Five days later, Fortune reported a second leak: the source code of Anthropic’s programming tool Claude Code, about 500k lines of code across 1,900 files, was exposed due to an npm packaging error. Two major security incidents within two weeks from the same company warning the world that “the era of AI cyberattacks is coming.”

But the market was no longer interested in mocking Anthropic’s operational shortcomings. On March 27, cybersecurity stocks plummeted at market open.

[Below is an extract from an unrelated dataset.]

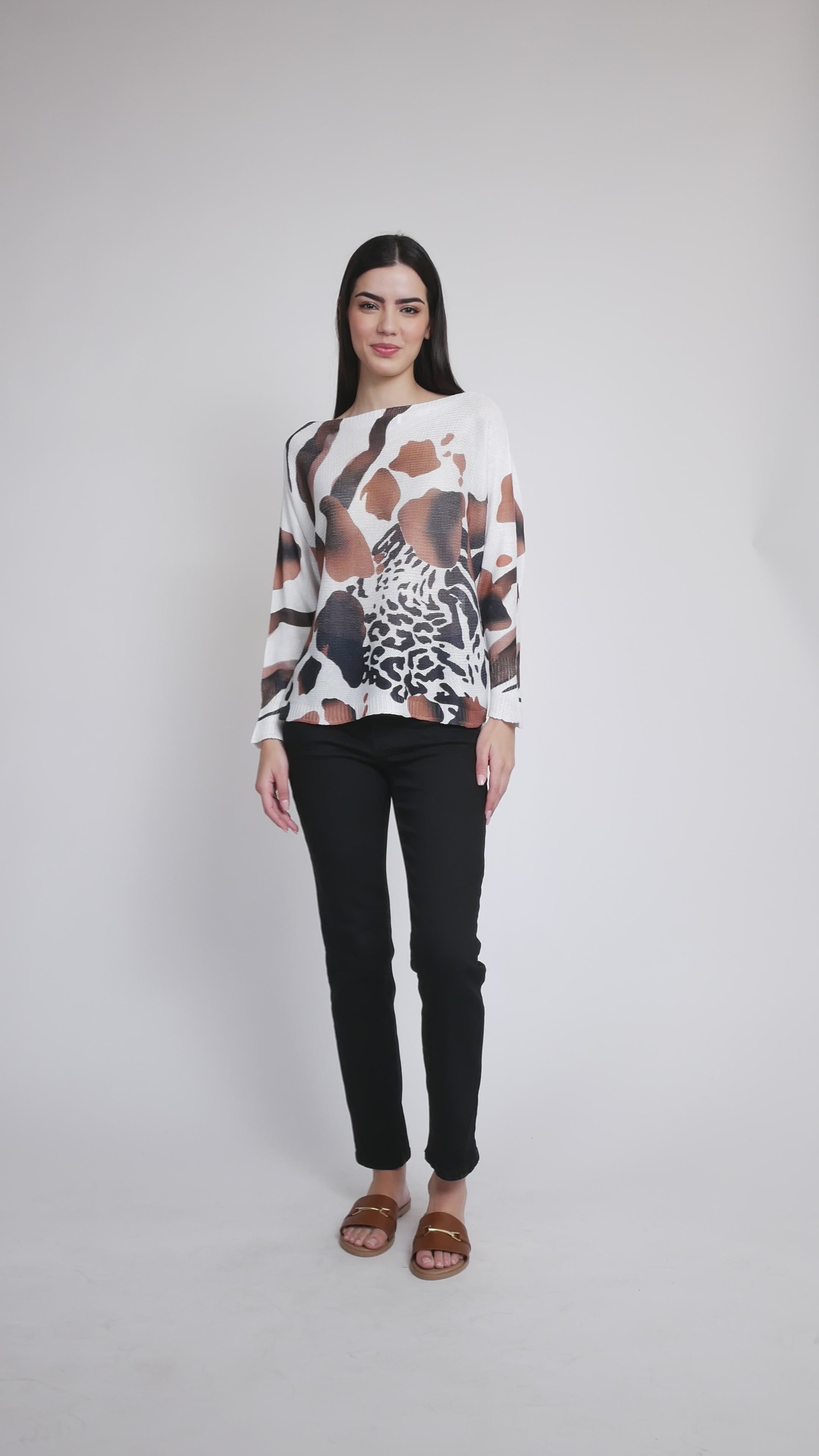 Laissez-vous séduire par l'élégance italienne avec ce ravissant pull à imprimé animal de Via Vitale. Confectionné en Italie dans une maille somptueuse, il présente des manches dolman fluides au drapé impeccable et une encolure rond classique pour un style décontracté. Parfait à superposer ou à porter seul, ce pull apporte une touche d'élégance sauvage à votre garde-robe quotidienne. Un basique intemporel qui sort de l'ordinaire.

CrowdStrike dropped 7.5%, Palo Alto Networks fell over 6%, Zscaler declined 4.5%, and the iShares Cybersecurity ETF fell 4% in a single day.

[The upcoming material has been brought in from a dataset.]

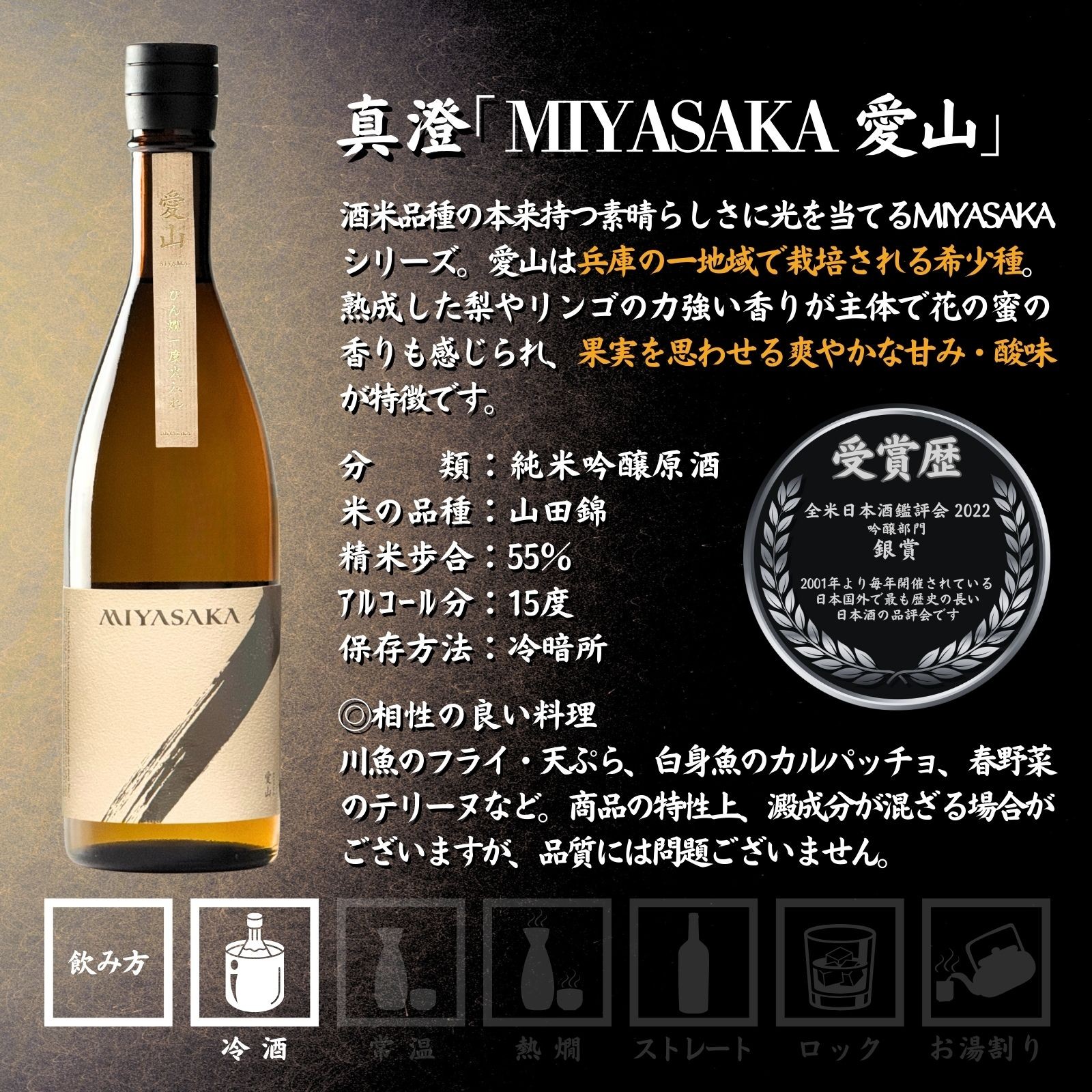 酒米品種の本来持つ素晴らしさに光を当てるMIYASAKAシリーズ。愛山は兵庫の一地域で栽培される希少種。熟成した梨やリンゴの力強い香りが主体で花の蜜の香りも感じられ、果実を思わせる爽やかな甘み・酸味が特徴です。

Stifel analyst Adam Borg commented: this could be the “ultimate hacking tool, capable of elevating any ordinary hacker to a nation-state level adversary.”

How powerful is Mythos really?

On April 7, Anthropic officially unveiled Mythos. Let’s look at the numbers:

SWE-bench Verified (a benchmark measuring AI solving real-world software engineering problems) scored 93.9%, compared to 80.8% for the previous flagship Opus 4.6. USAMO 2026 math proof, 97.6% versus 42.3%. Cybench cybersecurity challenge, 100% success rate—no previous model had achieved this.

The jump from 42.3% to 97.6% in USAMO math proof shows a 55-point gap between generations.

Anthropic released a 244-page system security card, openly admitting that Mythos’s cybersecurity prowess did not come from specialized security training but was a “downstream result” of general reasoning and coding capabilities. The same improvements made it better at patching vulnerabilities but also at exploiting them.

Anthropic’s red team tested Mythos on real software—no simulation, no CTF challenges, but operating systems and browsers used by billions daily.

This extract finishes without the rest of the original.